P.J. Jacobs Jr. High Police School Liaison Officer Joe Quisler proposed the ordinance to the city and told NewsChannel 7 he expects more violations and citations as the school year begins.

"We felt the city ordinance was necessary to have some halfway point between doing nothing and just talking to the kids and the parents, and criminal referrals," he said.

With the content in today's movies, television shows, and music videos, he said most kids do not realize sharing explicit material is harmful.

"With the access to the internet and all of the things that are out there, both good and bad, I think kids are kind of seeing this more and more as acceptable," explained Quisler.

Despite good grades, he went on to say sexting and sharing inappropriate content and photos could harm students' future college admissions and job prospects.

"That can cause a lot of problems with self esteem issues and those photos, once they're on the internet, they're there forever," warned Quisler. "We can't entirely get rid of them and when they're before the age of majority, it's considered child pornography."

The problem is by no means isolated at P.J. Jacobs. Other school liaison officers throughout the NewsChannel 7 viewing area said they see it as a major issue as well. In any case, P.J. Jacobs Principal Dan Dobratz said they are actually writing it into their curriculum, making online safe practices a priority. Quisler conducts classes to seventh and eighth grade students during their health classes discussing topics that could involved criminal contact with police.

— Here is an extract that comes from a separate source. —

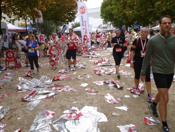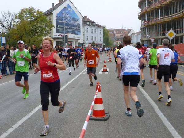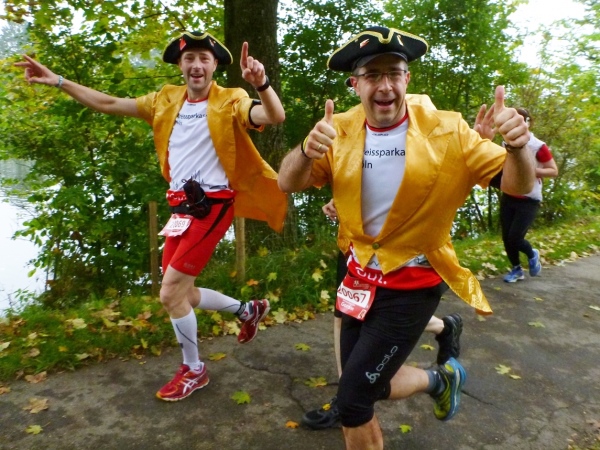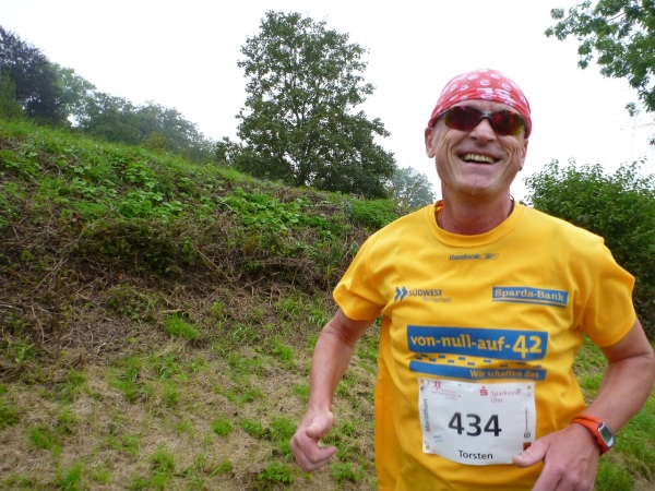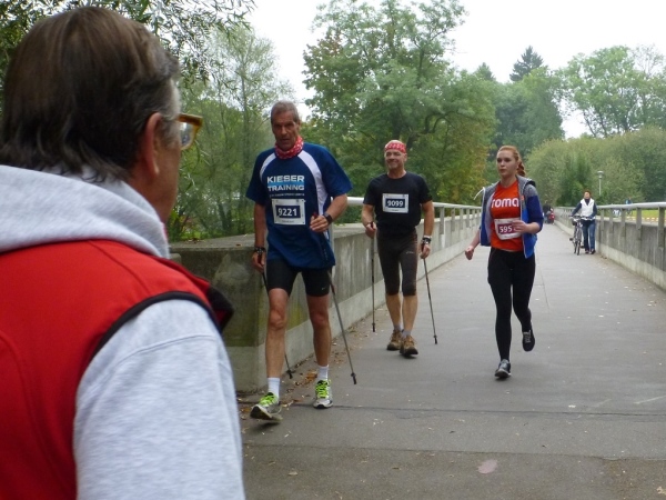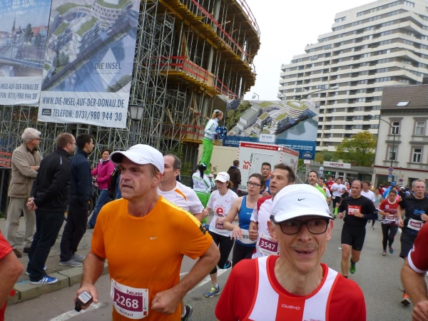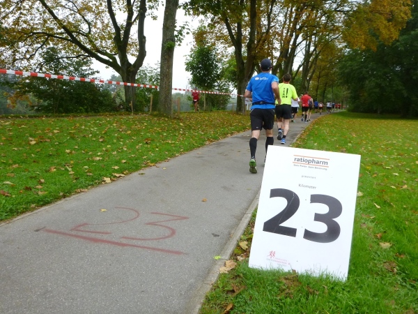 Etwa bei Kilometer 22,5 ist die Wende, ein paar Helfer passen auf, dass wir nicht abkürzen. Es geht zurück. Ein paar Verrückte der Kreissparkasse Köln laufen auf der anderen Seite noch in Richtung Wende. Die sind verkleidet wie Napoleon. Ja, heute laufen die Sparkassler ihre Meisterschaften über alle Distanzen aus. Deutlich über 2000 Banker sind nach Ulm gekommen. Am Abend werden die noch eine Siegersause abhalten.
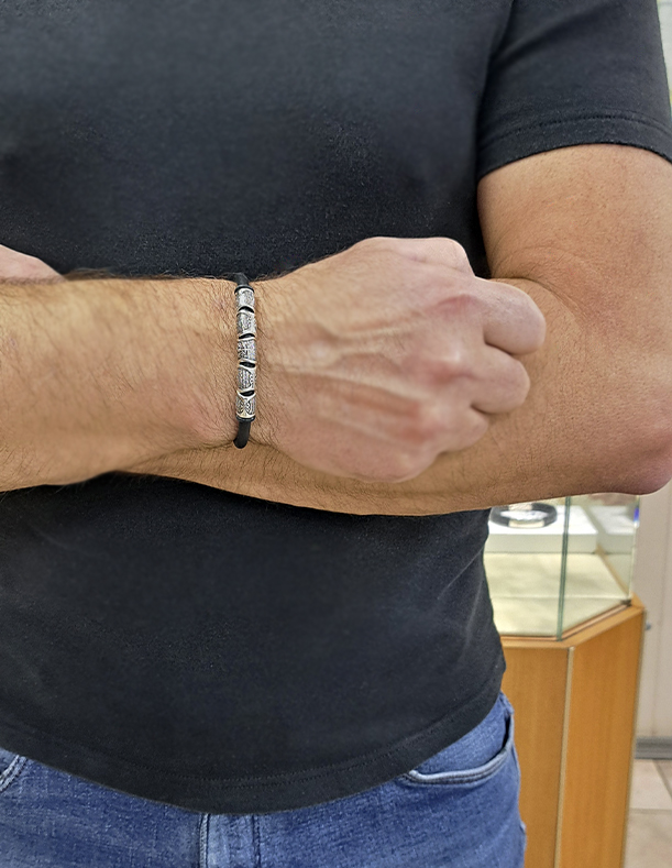 Подвижные бусины-шармы с молитвой, и концевые Виноградная Лоза, выполнены из серебра 925 пробы с чернением.

"Sometimes they're a little impulsive, they make poor choices, but when you sit down and talk with them, they're amazing," encouraged Dobratz. "They come up with solutions of ways of solving it and I would say 99 percent of the time, the issue ends there."

Both Dobratz and Quisler urged parent involvement is key to educating students about the dangers or this problem. Quisler added in the ordinance, those that request, send, or take explicit photos, even through a third party, could be cited.